First percutaneous single-access pump for right heart support

The Impella RP (Right Percutaneous) System has received FDA approval under a humanitarian device exemption (HDE).

The system is the first agency-approved percutaneous single-access heart pump designed for right heart support. The Impella RP device was submitted for FDA review in September 2014 after the completion of the pivotal RECOVER RIGHT trial.

Delivered through a catheter in the leg, the Impella RP system is indicated for providing circulatory assistance for up to 14 days in pediatric or adult patients who develop acute right heart failure or decompensation after the implantation of a left ventricular assist device, myocardial infarction (MI), heart transplant, or open-heart surgery. These patients lack blood flow from the right side of their hearts. The Impella RP device is designed to provide the flow and pressure needed to compensate for right heart failure. The system does not require a surgical procedure for insertion, and it provides up to 4 liters per minute of hemodynamic support.

As part of the HDE approval, the system’s developer (Abiomed, Inc.) is required to conduct two post-approval studies. One study will include 30 adults, and the other will involve a maximum of 15 pediatric patients (less than18 years of age) with right ventricular failure (RVF). These trials will be conducted to monitor the post-market safety and probable benefit of the Impella RP device. Both studies will be single-arm multicenter trials that will follow the respective patients at 30 and 180 days after device explant.

The RECOVER RIGHT trial was a prospective, single-arm study designed to evaluate the safety and probable benefit of the Impella RP device in patients with RVF that was refractory to medical treatment and was deemed to require hemodynamic support.

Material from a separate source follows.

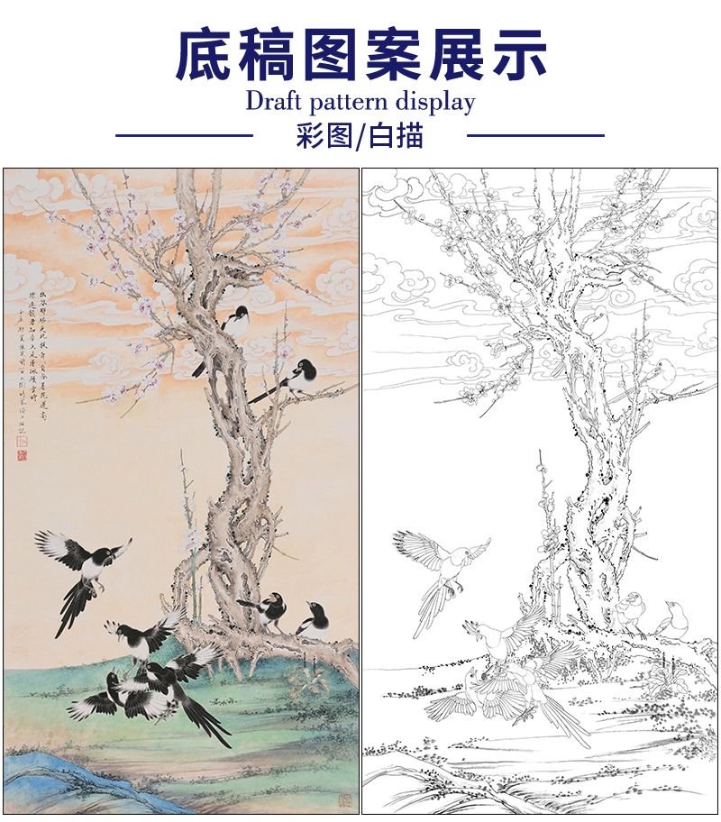 吕大卫花鸟工笔画白描底稿《梅雀图》临摹勾线高清打印稿A683

The 30 patients enrolled in the RECOVER RIGHT study comprised two cohorts. Cohort A included patients who developed RVF within 48 hours after the implantation of a left ventricular assist device (LVAD). Cohort B included patients who developed RVF within 48 hours after post-cardiotomy shock or post-acute MI shock. The study’s primary endpoint was patient survival at 30 days, hospital discharge, or the bridge to the next therapy.

The results from this study were announced in October 2014 at the annual Transcatheter Cardiovascular Therapeutics 2014 scientific meeting in Washington, D.C. Overall, the survival rate was 73% in the entire population at 30 days. Cohort A showed a survival rate of 83%, and Cohort B showed a survival rate of 58%.

Source: Abiomed; January 27, 2015.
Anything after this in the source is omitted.